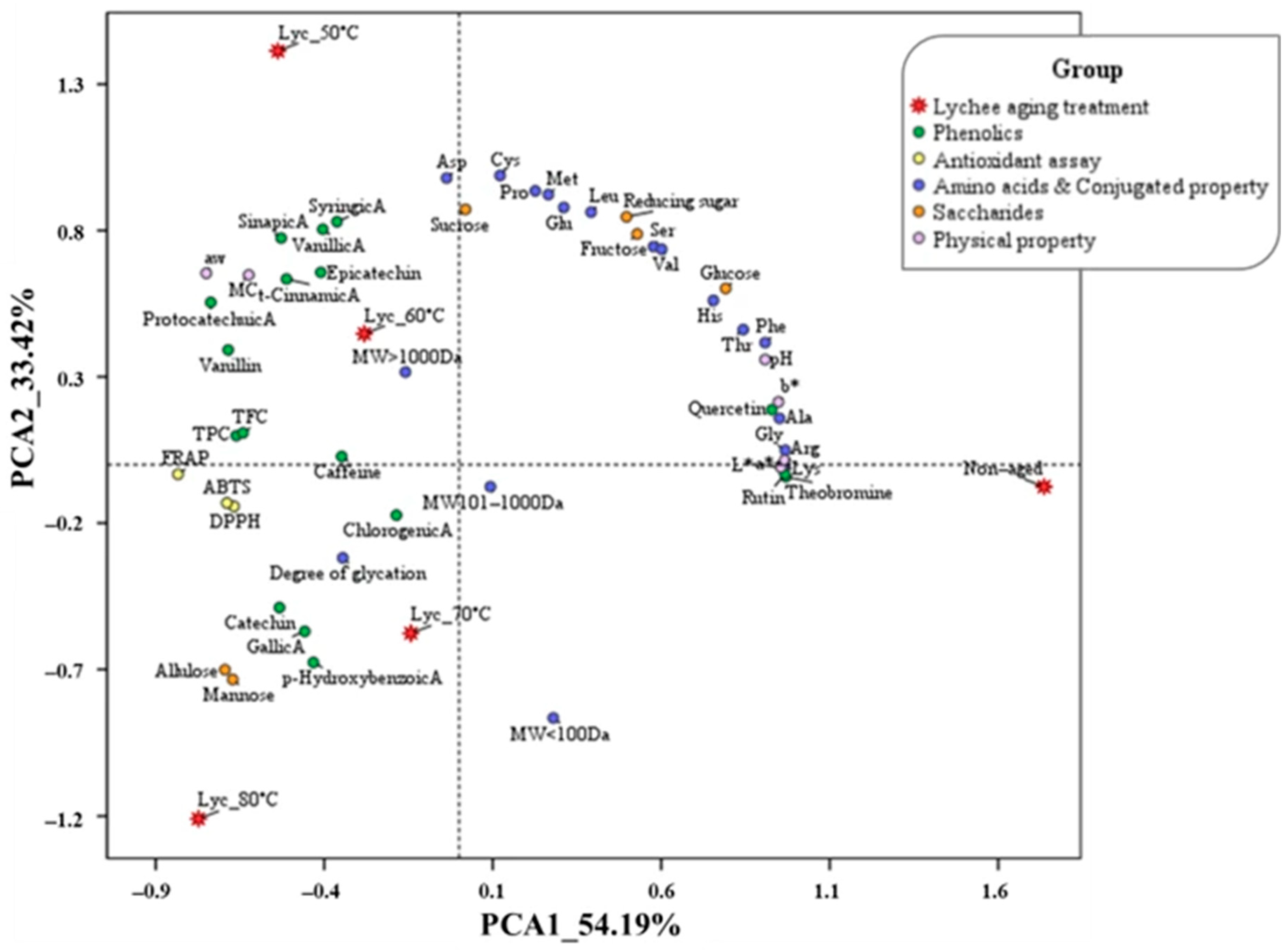 3.5. Antioxidant Activity and Its Correlation with Physicochemical and Conjugation-Related Properties of Dried Lychee Pulps Aged at Different Temperatures
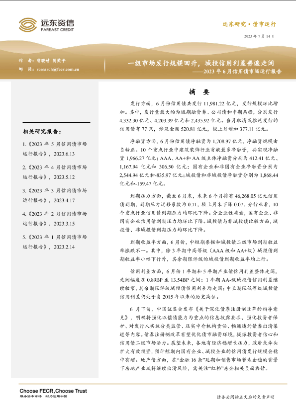 【远东资信】【20230714】2023年6月信用债市场运行报告:一级市场发行规模回升,城投信用利差普遍走阔-20页
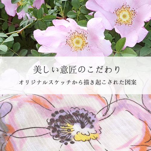 花や風景などの自然をモチーフにし、明るく華やかな柄やカラフルな色遣いと、自然の美しさを感じさせるデザインが特徴です。纏う人の魅力を引き立てる、明るく清らかな透明感を表現します。
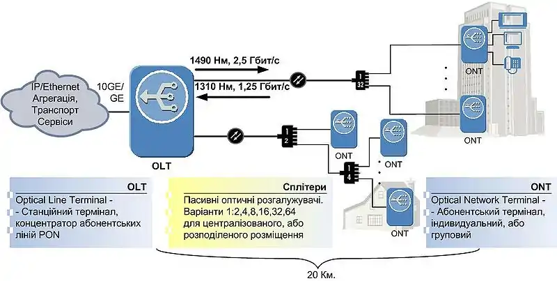 - Повністю пасивної оптичної розподільчої мережі між ними, яка складається зі сплітерів з коефіцієнтом розділення від 1:2 до 1:64, що розташовані централізовано, або розподілено.
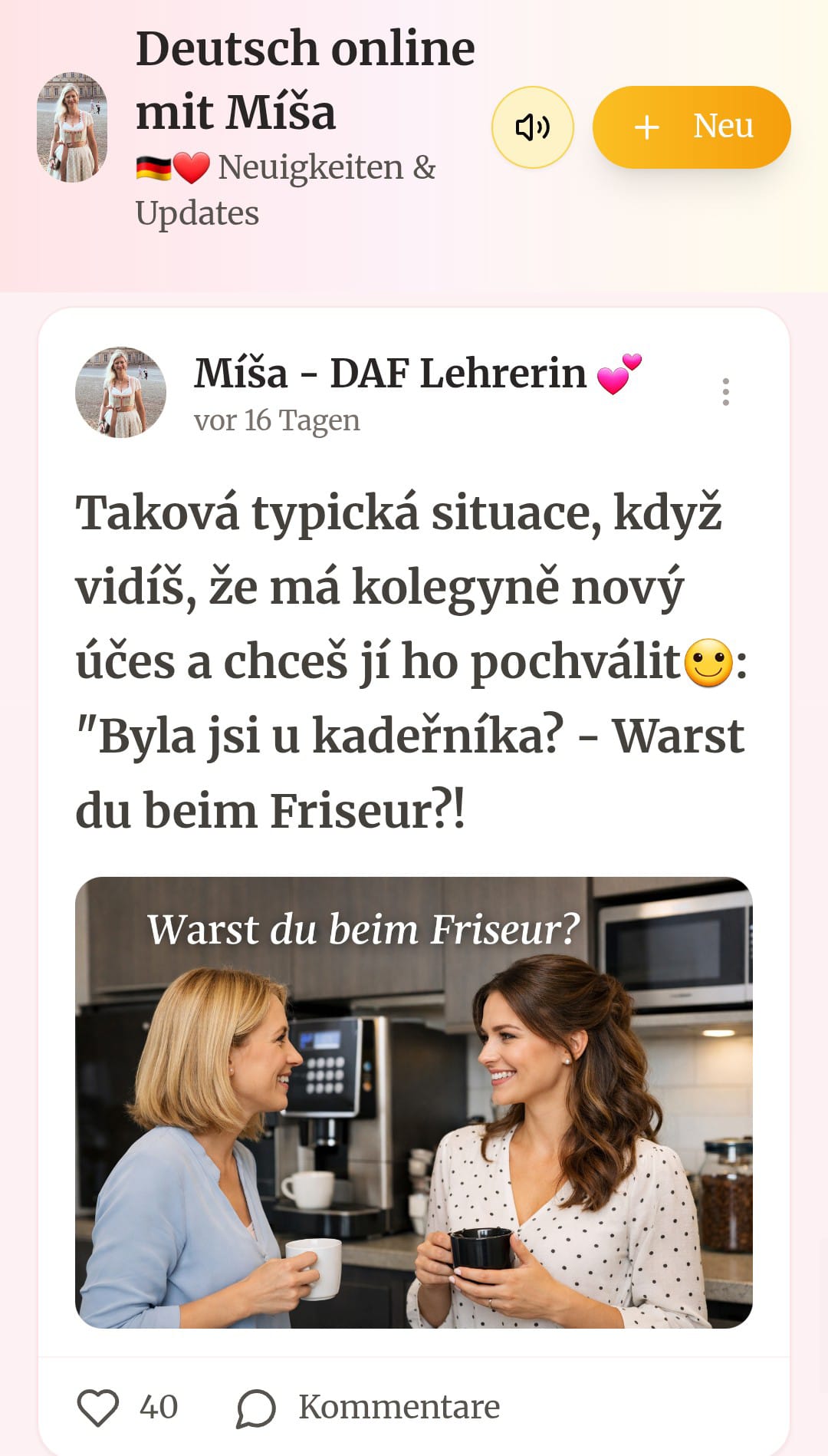 Odteď máš vše ve Tvém telefonu a můžeš se začít zlepšovat kdekoliv - v tramvaji, když čekáš na děti ve školce, když tankuješ, dokonce i když prokrastinuješ na instagramu nebo na záchodě.... 😅 Pípnu Ti tam! A místo nekonečnýho scrollování bez cíle se posuneš o krok blíž k plynulé němčině! To uvidíš, jak rychle se zlepšíš! Na jedno kliknutí a bez přihlašování, hledání a scrollování a ztráty motivace, které Ti berou půlku chuti do učení🙈..... Mám pravdu?!

How to complete this task:
Return, exactly as they stand, the lines from the opening line of the listing through the line with "- Повністю пасивної", both ends counted, and no pictures.

Reply to the exercise:
 3.5. Antioxidant Activity and Its Correlation with Physicochemical and Conjugation-Related Properties of Dried Lychee Pulps Aged at Different Temperatures
 【远东资信】【20230714】2023年6月信用债市场运行报告:一级市场发行规模回升,城投信用利差普遍走阔-20页
 花や風景などの自然をモチーフにし、明るく華やかな柄やカラフルな色遣いと、自然の美しさを感じさせるデザインが特徴です。纏う人の魅力を引き立てる、明るく清らかな透明感を表現します。
 - Повністю пасивної оптичної розподільчої мережі між ними, яка складається зі сплітерів з коефіцієнтом розділення від 1:2 до 1:64, що розташовані централізовано, або розподілено.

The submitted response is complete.